Её двоюродные мужья гл. 6

Василиса Фед
       Оно (кино) говорило о многом – о домнах,
       шахтах, тракторах, сеялках, железных
       дорогах, но главное состояло в том, что
       нет ничего безошибочней, задушевней Власти.
       Наш экран был нашпигован счастьем и добротой.
       Ритуальным для каждого фильма было сказание
       о том, что наша жизнь удивительна, что всё
       в ней чудесно или на подступах к чудесам.
       Ну, братцы, натужьтесь, нажмём, счастье уже
       на пороге, затевай песню. И надсаживались,
       и нажимали, и пели. И крупней, безоглядней всех
       гомонил экран. И десятилетиями окостеневал:
       в нём было всё, что, по тогдашним канонам,
       именовалось киноискусством. Всё – кроме искусства.
                Евгений Габрилович. «Последняя книга»
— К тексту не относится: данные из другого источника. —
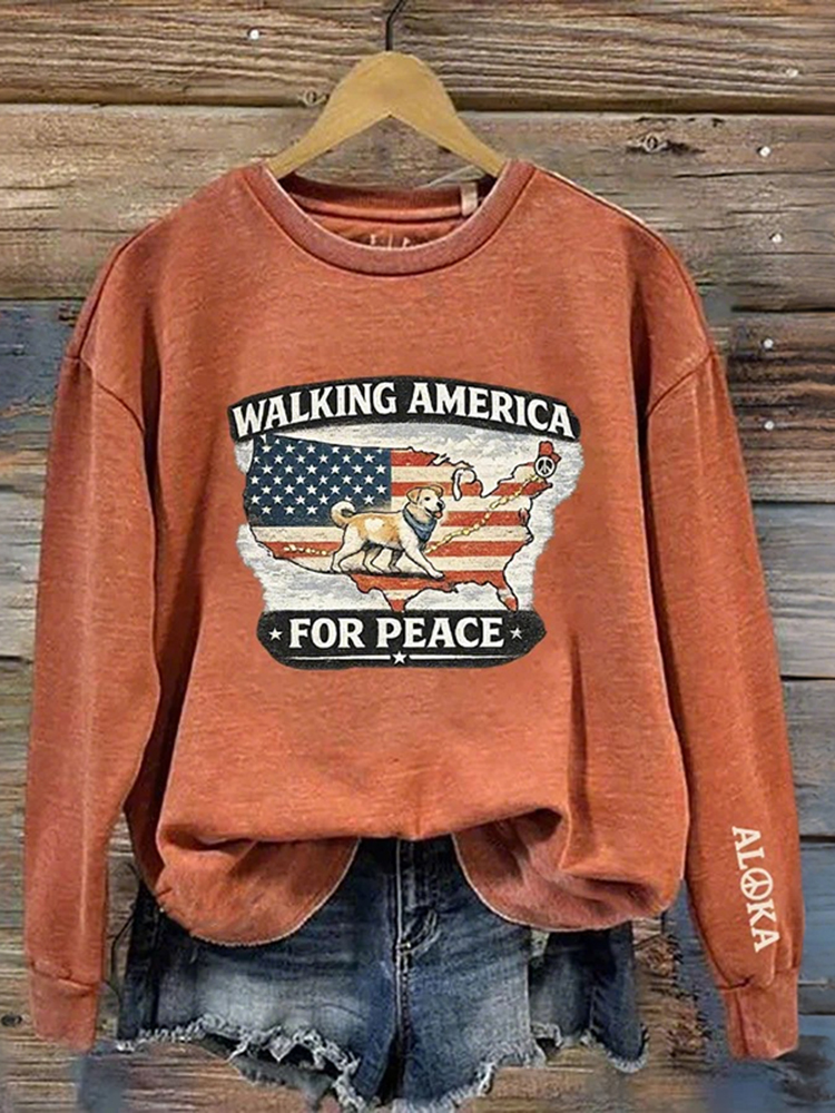 Retro Walking America For Peace With Aloka Dog Print Crew Neck Sweatshirt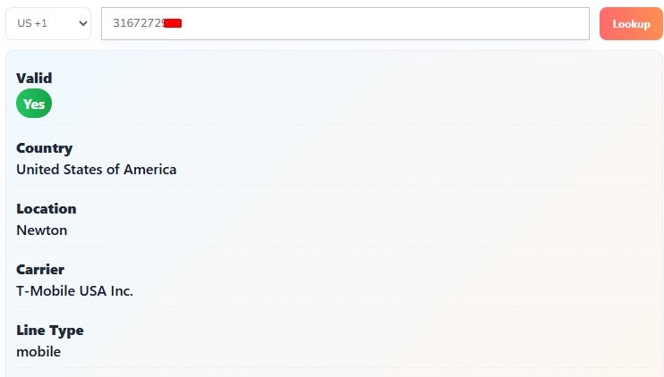 Just enter the number and click “Lookup.” Within seconds, the system fetches verified information such as the carrier name, the caller’s location, country, and type of line (mobile, landline, or VoIP).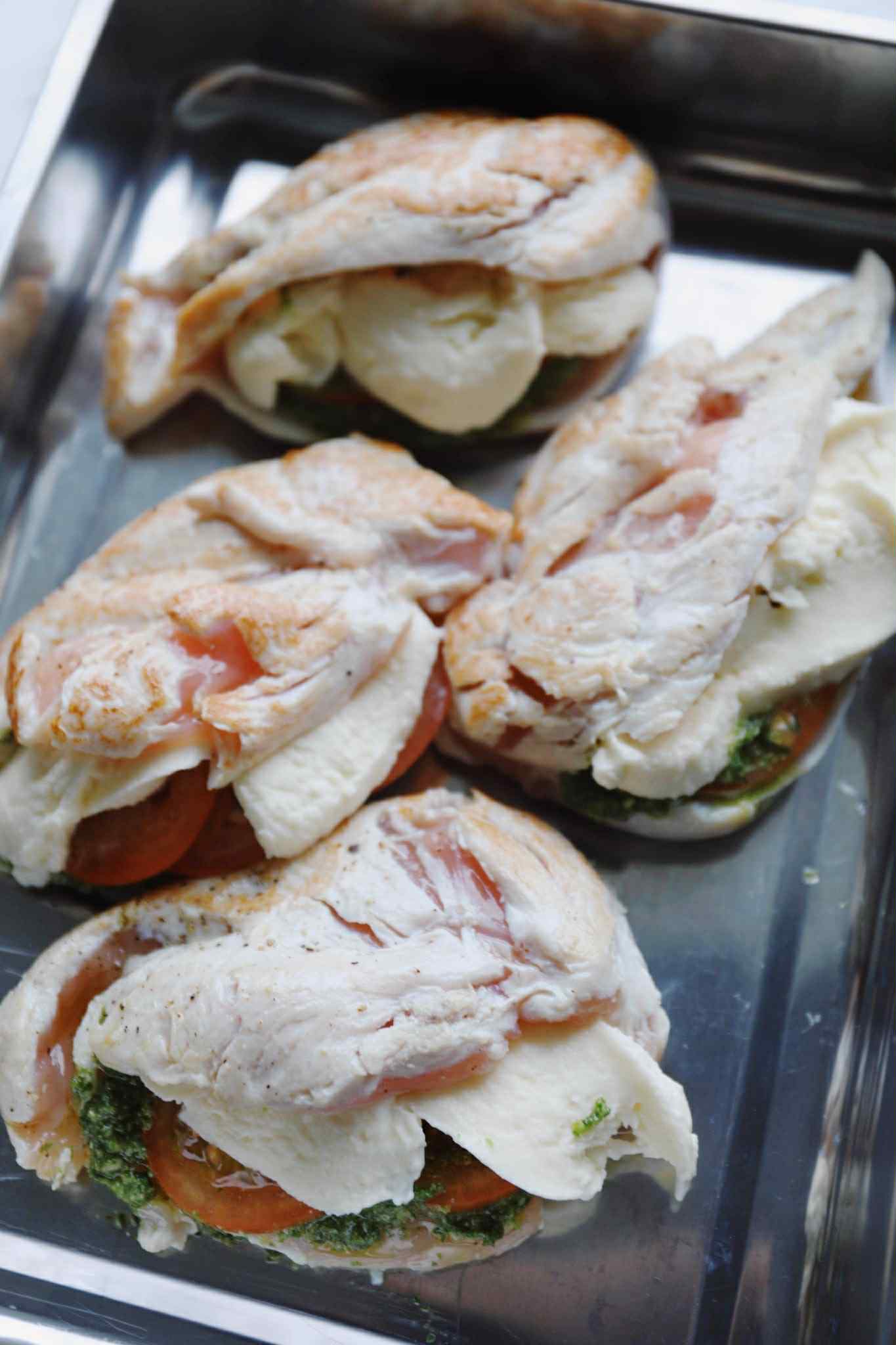Skær en “lomme” i hvert kyllingebryst og fyld med pesto, tomat og mozzarella.
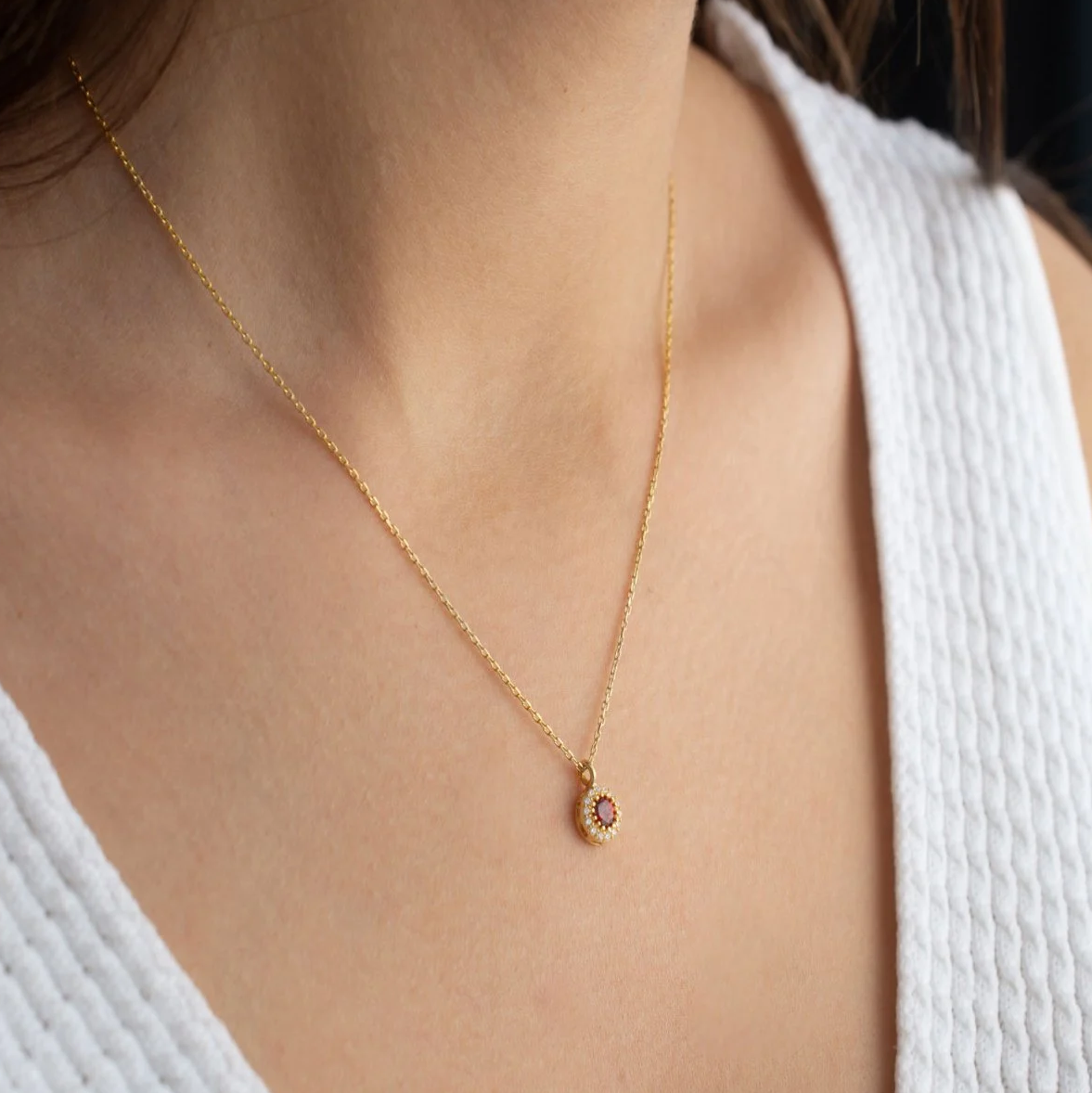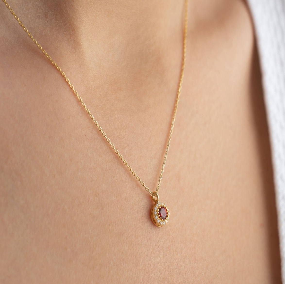 925 Ayar Gümüş Ocak Ayı Doğum Taşı (Garnet) Kolye – Celunna Özel Tasarım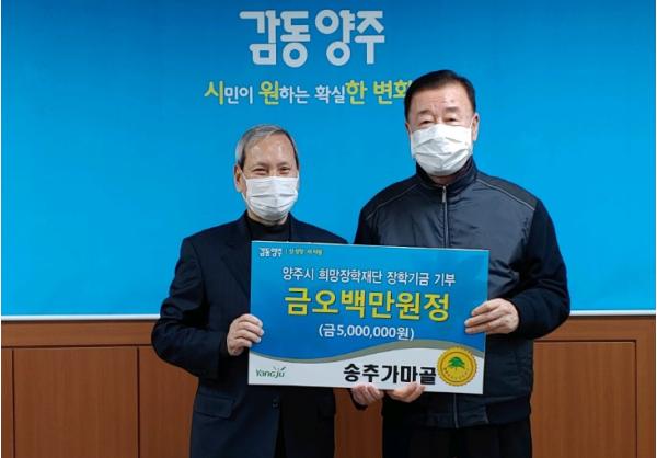 [한국연예축제일보, 유혜경기자] 양주시 희망장학재단(이사장 임충빈)은 지난 23일 송추가마골(대표 김재민)에서 지역인재육성을 위해 써달라며 장학금 500만원을 기탁했다고 밝혔다.

                ГЛАВА 6. СОЛДАТ СНОВА НА ПЕРЕДОВОЙ

     Лишь мама, как доверенное лицо в его жизни,  знала о заветной мечте Василия: стать артистом, играть в театре. И роль у него была заготовлена, как самая, самая – Пётр Первый, российский царь. Но началась война. Через несколько месяцев непрерывных боёв армия, в которой он был рядовым стрелком, попала в окружение.
    Он получил лёгкое ранение в плечо, но и тяжелейшую контузию, долго был без сознания, перестал слышать, не понимал, где находится. Ощущал только  сильную, ни на минуту, не утихающую головную боль. Поэтому сидел, стиснув руками голову, и раскачивался. Раненых было много, с ними нельзя было идти на прорыв. Вывозить их можно было только самолётом. А в небе постоянно барражировали фашистские штурмовики, как стервятники, ждущие добычи.
   Но советские самолёты всё же прорывались. В один из них, загруженный до предела, сердобольный санинструктор уговорил лётчика взять и «контуженого»:
   - Он всё равно ничего не чувствует. Может сидеть или лежать, как куль. Возьми. Вдруг в госпитале очухается. А здесь я помочь ему ничем не могу. Руки и ноги у него целые. Может, ещё повоюет.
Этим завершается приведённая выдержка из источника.